- Directed by: Mario Monicelli
- Written by: Leonard Melfi Suso Cecchi D'Amico Don Carlos Dunaway Ring Lardner Jr. (uncredited)
- Produced by: Carlo Ponti
- Starring: Sophia Loren William Devane Gigi Proietti Susan Sarandon Danny DeVito
- Cinematography: Alfio Contini
- Edited by: Ruggero Mastroianni
- Music by: Ron-Lucio Dalla
- Production companies: Compagnia Cinematografica Champion Les Films Concordia
- Distributed by: United Artists (United States and Canada) Warner Bros. (International)
- Release dates: 23 December 1971 (Italy); 7 June 1972 (USA);
- Running time: 97 minutes
- Countries: Italy France United States
- Language: English

= Lady Liberty (film) =

1971 Italian-French film

Lady Liberty (La mortadella) is a 1971 comedy film directed by Mario Monicelli and starring Sophia Loren, William Devane, Gigi Proietti, Susan Sarandon, Danny DeVito, and Edward Herrmann in his film debut.

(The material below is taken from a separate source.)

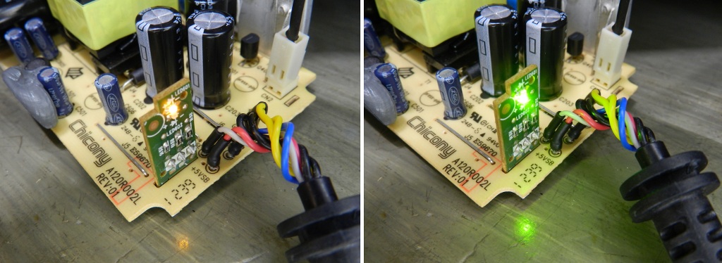 Fig. 13 – À esquerda, fonte ligada somente na tomada (luz laranja). À direita, fonte em funcionamento normal (luz verde).

It was shot at the Cinecittà Studios in Rome and on location in Emilia-Romagna and New York City. The film's sets were designed by art director Mario Garbuglia.

==Synopsis==
Maddalena Ciarrapico arrives in New York City from Italy to get married and brings her fiancé a gift of mortadella (large Italian pork sausage) from her co-workers at the sausage factory where she used to work.She is refused permission to bring the mortadella into the country, though, because of the ban on meat which may contain food-borne diseases. An indignant Maddalena refuses to hand the sausage over, staying in the customs office at the airport, sparking a diplomatic incident in which she attracts widespread sympathy and support.

==Cast==
- Sophia Loren as Maddalena Ciarrapico
- William Devane as Jock Fenner
- Gigi Proietti as Michael Bruni
- Beeson Carroll as Dominic
- David Doyle as O'Henry
- Danny DeVito as Fred Mancuso
- Susan Sarandon as Sally

==Soundtrack==
A song by Harry Nilsson, "I Guess the Lord Must Be in New York City," was included in the movie.

==Reception==
The New York Times was scathing in its review of the film, observing that "Probably no other woman has so triumphantly survived as many rotten movies in such a short space of time as Sophia Loren." Although "the farcical premise is promising" it was "a comedy that manages to be both too serious and not serious enough and that, at no point matches the level of the humor and intelligence of its principal performance". It also questioned "the grindingly bleak New York settings in which so much of the film is set".